Figure 3. Output of the Freeman's PE to a qaure wave. The figure shows the transition from high to low to show the switching behavior of the implementation.

This breadboard shows the waveforms created by each one the PEs when the input is high (first trace) and the transition to low. The system is oscillating when the input is active and transits to silence when the input is zero. This is the expected behavior quoted in the literature by Freeman. The oscillatory behavior obtained in NeuroSolutions was replicated in MATLAB using the Runge-Kutta integration of the original Freeman's equations with the same parameters. So we conclude that the NeuroSolutions implementation and the approximation using the gamma memory is appropriate for digital siulations.

3.4. The model of the olfactory bulb

The olfactory bulb model is built from many KII PEs. Freeman states that less than 64 such oscillators are insufficient to capture the emergent properties seen in biology. Here we created a breadboard with only 2 KII PEs to illustrate the dynamic coupling (Figure 4). In fact if we just excite one of the KII, the other follows oscillation within one or two cycles. This is also expected from the literature.

Figure 4. A set of 2 Freeman PEs in NeuroSolutions. The arbitrary synapses in the middle of the figure perfrom the coupling between the individual PEs.

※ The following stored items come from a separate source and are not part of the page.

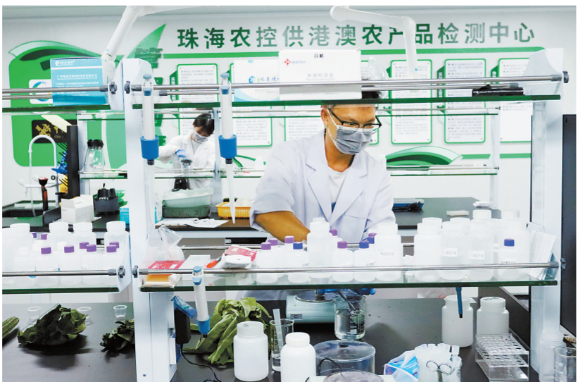
技术人员正在检测供港澳农产品的各项指标。

珠海作为港澳鲜活农产品的重要供应地,越来越多的新鲜蔬菜从这里“走出”,不断充实着港澳居民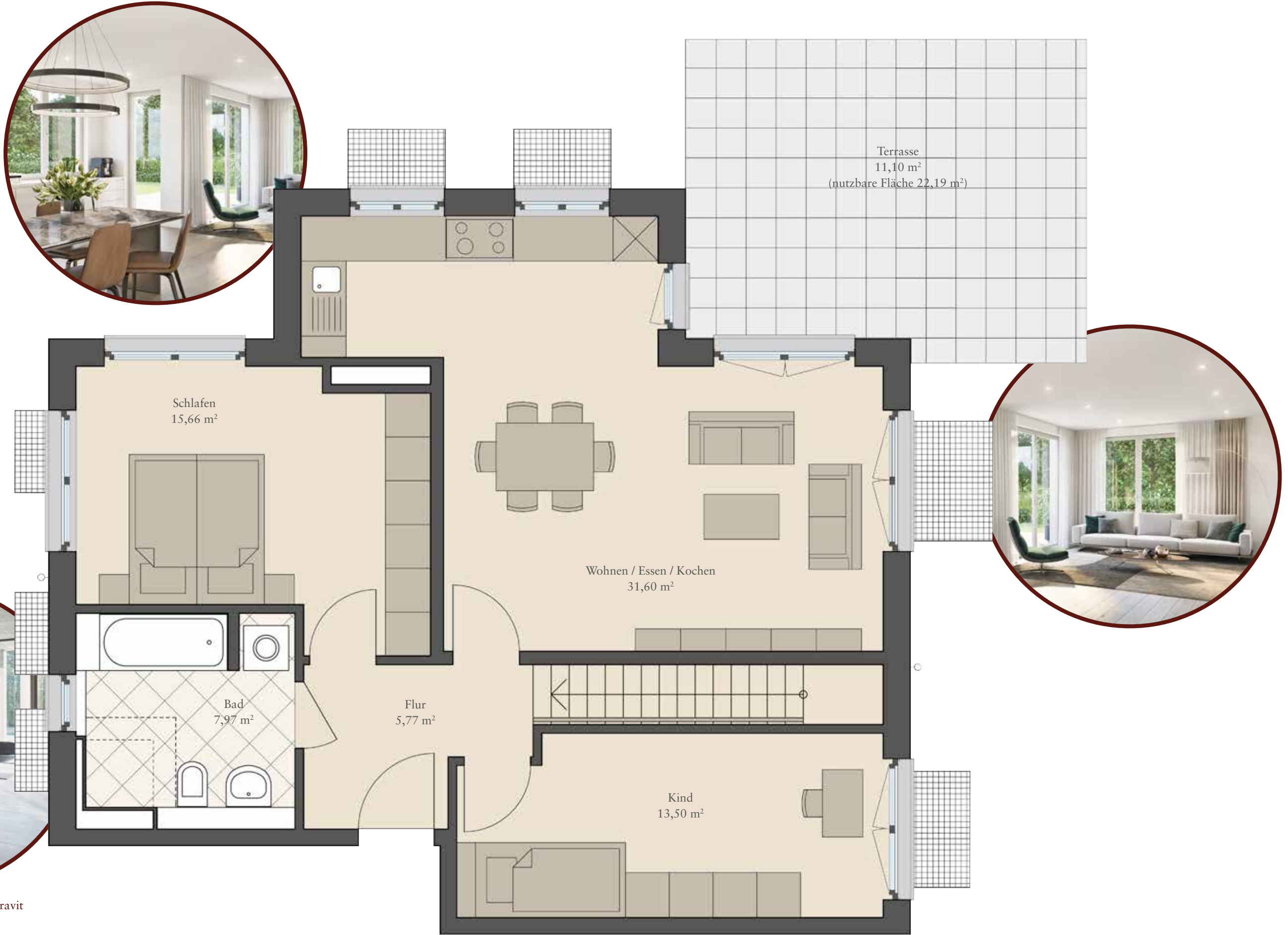
Die Abbildung ist ein Produktfoto von Duravit und zeigt die Designserie Vero.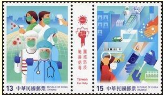
Pul 21. Tayvan, 2020

Farklı ülkelerden COVID-19 ile mücadelede aşının önemine vurgu yapılan pul örneklerine rastlanmaktadır. Dominik Cumhuriyeti'nde ve Antigua ve Barbuda'da 5 Doğu Karayip dolarından piyasaya sunulan, tüm dünyadaki sağlık çalışanlarına atfedilen pullarda COVID-19 aşısı görseli yer almaktadır. Sağlık çalışanları şükranla anılmış aşının önemine dikkat çekilmiştir ( Pul 22-23 ). 12 Haziran 2020'de Cibuti'de COVID-19'a dikkat çekmek için üç puldan oluşan 300 Cibuti Frangı değerinde bir pul serisi satışa sunulmuştur. Pullardan birinde aşı çalışmalarına dikkat çeken bir görsele yer verilmiştir ( Pul 24 ). Çad Cumhuriyeti 30 Kasım 2020 tarihinde 9x365 Orta Afrika CFA Frangı değerinde bir seri yayınlamıştır. Çad Posta İdaresi tarafından onaylanan seri dokuz puldan oluşmaktadır. Pullarda hapşırırken ağzı kapatma, karantina, el yıkama, maske takma gibi korunma yöntemlerine yer verilmiştir. Ayrıca bir pulda virüs görseli ile aşı çalışmaları resmedilmiştir ( Pul 25 ).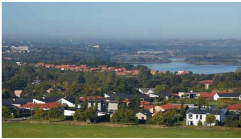
Bjergene. Fredet 2016, 300 hektar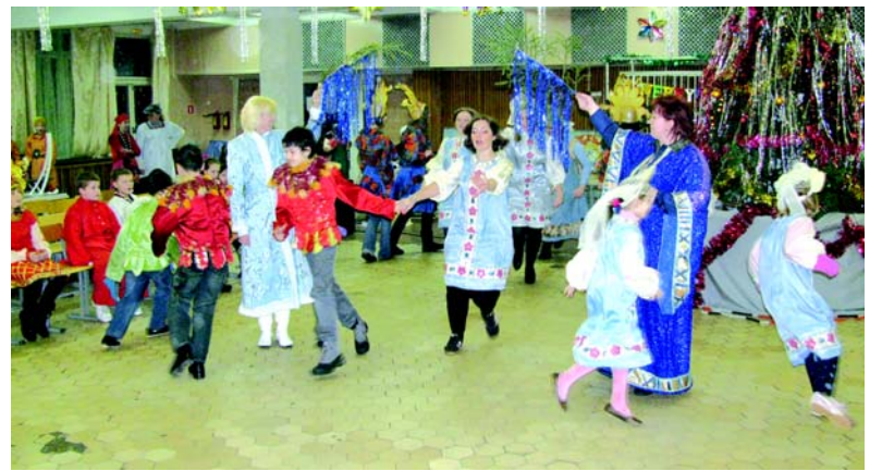
Хоровод у новогодней ёлки.

Какой зимний отдых без лыж и коньков, без санок и горок? Эти каникулы, к счастью, были по-настоящему зимними, без капелей и зеленой травы. И потому ребята активно выходили на лыжню. С удовольствием лепили снежки. Не пустовал и спортивный зал, детвора от души гоняла по полю футбольный мяч и играла в пионербол. А

In this case the coupling coefficients are 0.05 for the excitactory PE and -0.1 for the inhibitory PE. Modulation of the excitactory PE coupling allows the spatial propagation of the excitactory wave, which is also referred in the literature. These ArbitraySynapses are the ones that are adapted using Hebbian learning. So we conclude that our simulation embeds the behavior discussed in Freeman's papers.

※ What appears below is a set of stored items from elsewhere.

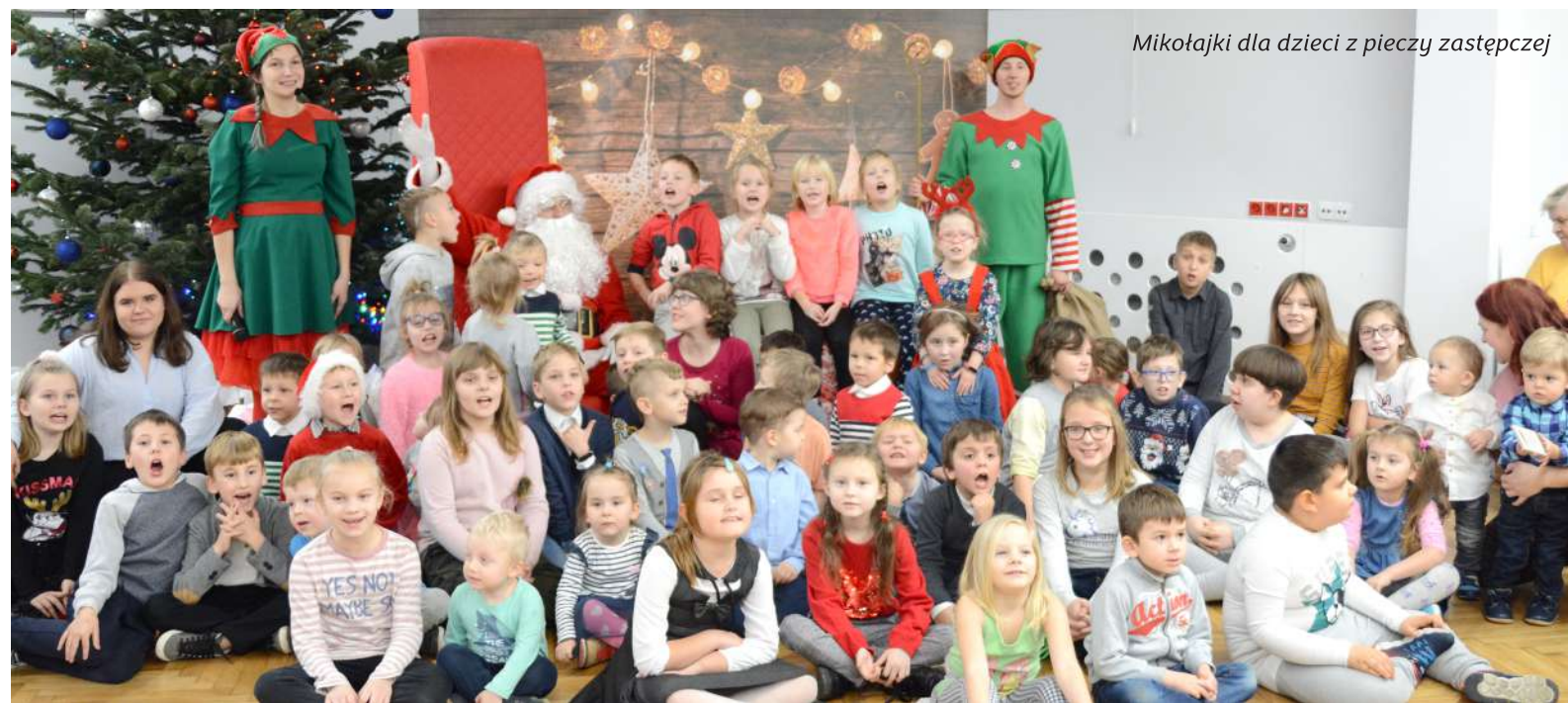
Mikołajki dla dzieci z pieczy zastępczej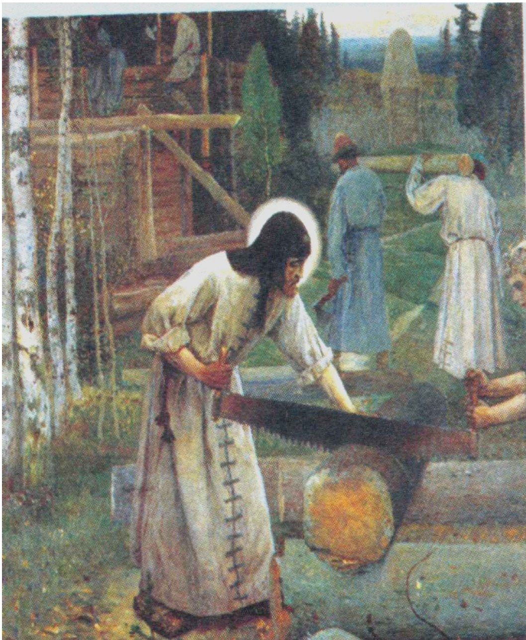
М.В.Нестеров «Труды преподобного Сергия»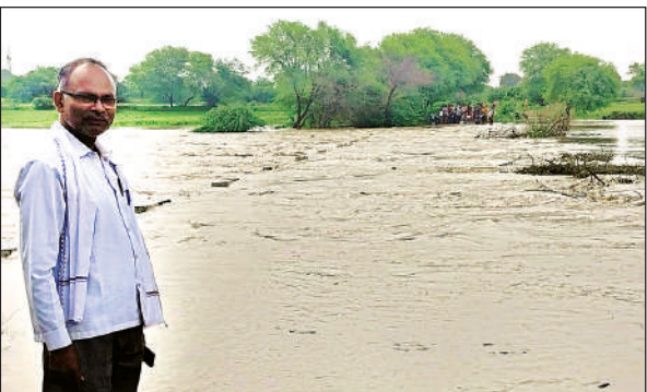
चंद्रावल नदी के रपटे के ऊपर बहता पानी, निकलने को खड़ा ग्रामीण।

मौदहा कस्बे सहित क्षेत्र में तीन दिन से लगातार हो रही बारिश से चंद्रावल नदी उफान पर आ गई है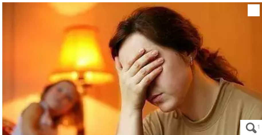
Le gouvernement veut faire diminuer le nombre de pensions impayées. Pour cela, il va s'appuyer sur la CAF qui jouera les intermédiaires.

Le paiement des pensions alimentaires se fait désormais via un organisme intermédiaire. En Bretagne, c'est un service géré à la CAF de Vannes qui s'en occupe.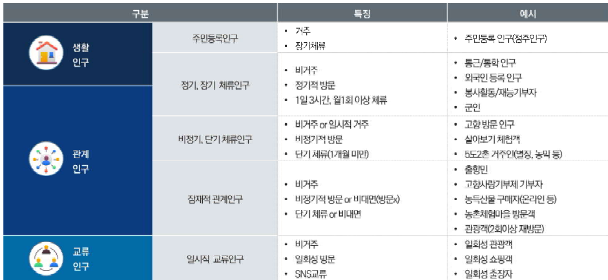
| 유형별 관계인구 형태 |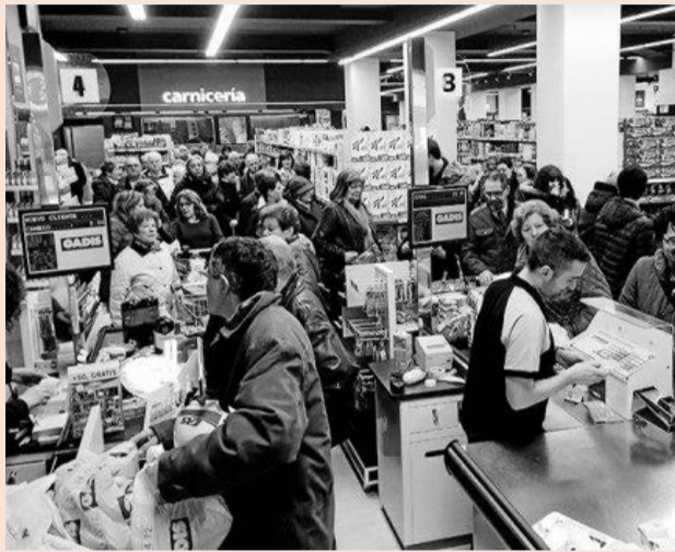
La enseña Gadis está en Galicia y Castilla y León.

Gadisa ganó su superficie comercial en 5.670 metros cuadrados ampliando tres supermercados Gadis y un hipermercado, abrió cuatro más de su propiedad bajo esa misma enseña y veinte nuevos franquiciados Claudio. Bajo esta cadena destaca el nuevo modelo Claudio Express, que se ha instalado en diferentes estaciones de servicio gallegas, como es el caso de las seis con las que desde el pasado mayo cuenta Galure-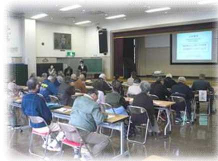
生活お役立ち講座 【介護保険制度のしくみ】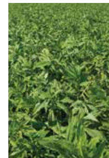
Abesinska gizotija NIGER

3.5 Collapsing the breadboard

The fundamental problem found in our simulations is the huge amount of components necessary to implement the primary building block of the simulations. Figure 4 shows only two KII models interconnected and the screen is already full of components.

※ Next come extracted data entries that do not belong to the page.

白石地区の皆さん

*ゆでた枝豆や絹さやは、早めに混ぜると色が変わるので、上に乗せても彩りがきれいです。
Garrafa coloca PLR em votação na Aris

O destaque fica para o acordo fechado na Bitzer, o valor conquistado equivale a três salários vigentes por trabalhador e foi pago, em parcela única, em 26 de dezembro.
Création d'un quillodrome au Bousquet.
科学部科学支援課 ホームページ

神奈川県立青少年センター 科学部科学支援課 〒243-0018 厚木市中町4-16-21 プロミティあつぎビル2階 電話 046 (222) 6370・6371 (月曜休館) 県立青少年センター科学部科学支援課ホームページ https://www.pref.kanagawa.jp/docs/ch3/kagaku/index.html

We have created a new NeuroSolutions component that encapsulates the KII PE into a single icon, which is a vector of KII PEs (Figure 5). The user can therefore select the number of individual KII PEs from 1 to 100 in the Inspector, and only one icon is shown. This breadboard implements exactly the same networks of Figure 4. The coupling parameters appear now on the ArbitrarySynapse on top. This is the only part of th emodel that is adapted according to Freeman.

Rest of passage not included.